▶ _GOAL OF THE EXERCISE_: Under this line is a listing; return exactly the lines starting at the one with "开班仪式结束后,滁州职业技术" and running down to the one with "İstemci bilgileri girildikten", and leave out its pictures.

▶ _GIVEN DATA_:
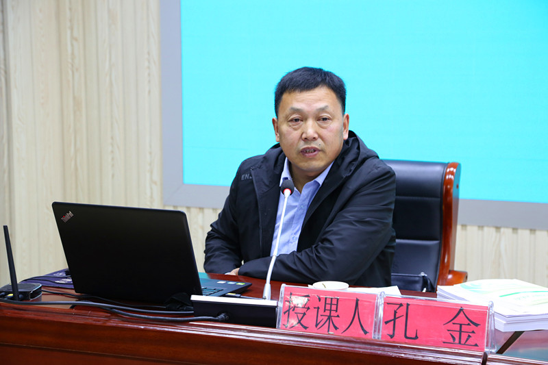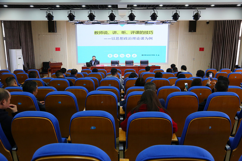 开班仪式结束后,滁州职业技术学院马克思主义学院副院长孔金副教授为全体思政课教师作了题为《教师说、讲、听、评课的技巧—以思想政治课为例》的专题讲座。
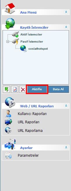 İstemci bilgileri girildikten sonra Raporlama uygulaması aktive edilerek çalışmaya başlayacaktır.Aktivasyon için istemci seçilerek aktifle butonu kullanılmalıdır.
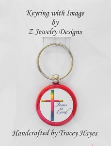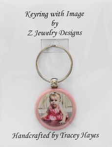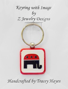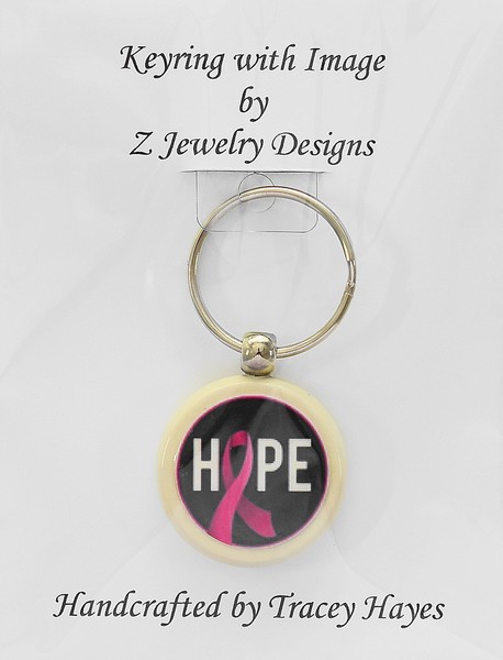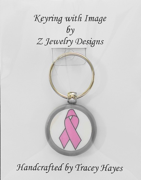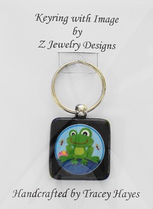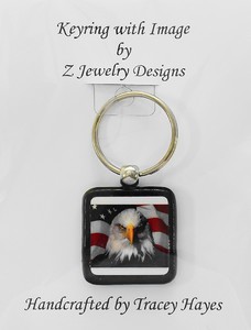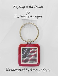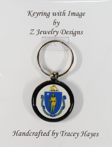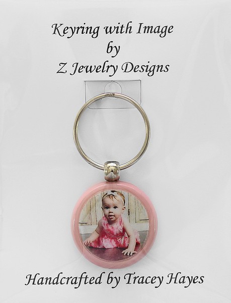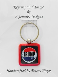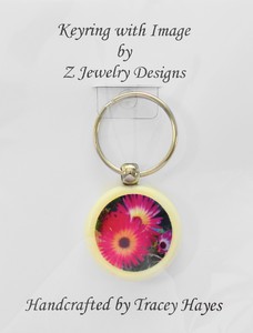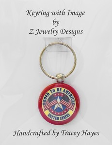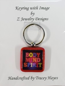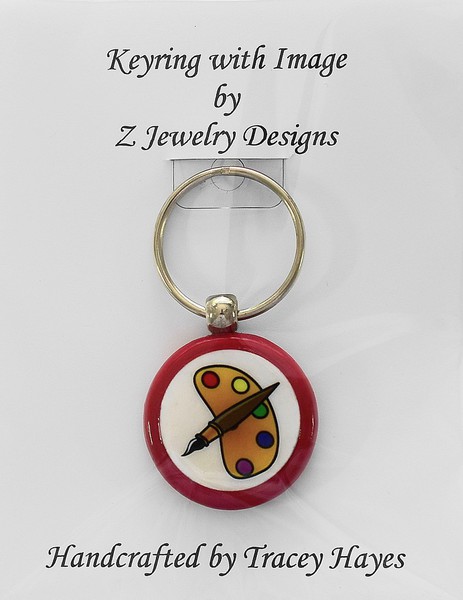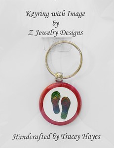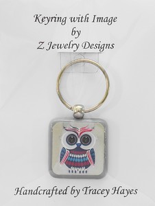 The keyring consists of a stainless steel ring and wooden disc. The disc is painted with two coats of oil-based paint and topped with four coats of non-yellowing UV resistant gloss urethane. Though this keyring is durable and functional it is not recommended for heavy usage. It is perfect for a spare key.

---

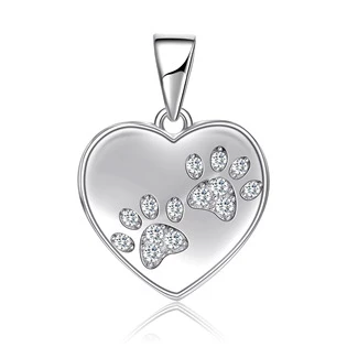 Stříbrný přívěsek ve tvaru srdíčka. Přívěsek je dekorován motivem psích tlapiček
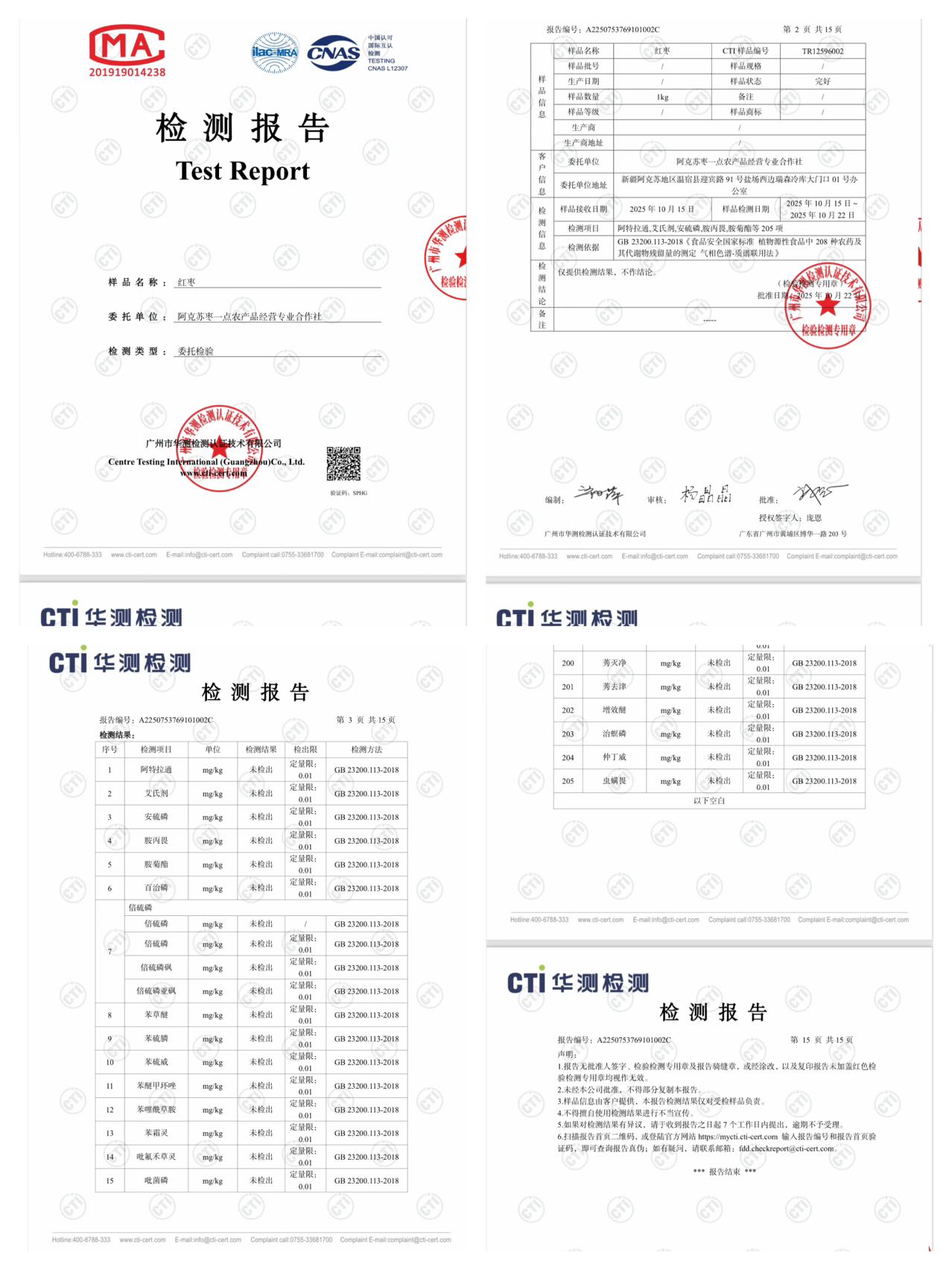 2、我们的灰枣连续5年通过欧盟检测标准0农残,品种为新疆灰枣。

▶ _EXERCISE SOLUTION_:
 开班仪式结束后,滁州职业技术学院马克思主义学院副院长孔金副教授为全体思政课教师作了题为《教师说、讲、听、评课的技巧—以思想政治课为例》的专题讲座。
 İstemci bilgileri girildikten sonra Raporlama uygulaması aktive edilerek çalışmaya başlayacaktır.Aktivasyon için istemci seçilerek aktifle butonu kullanılmalıdır.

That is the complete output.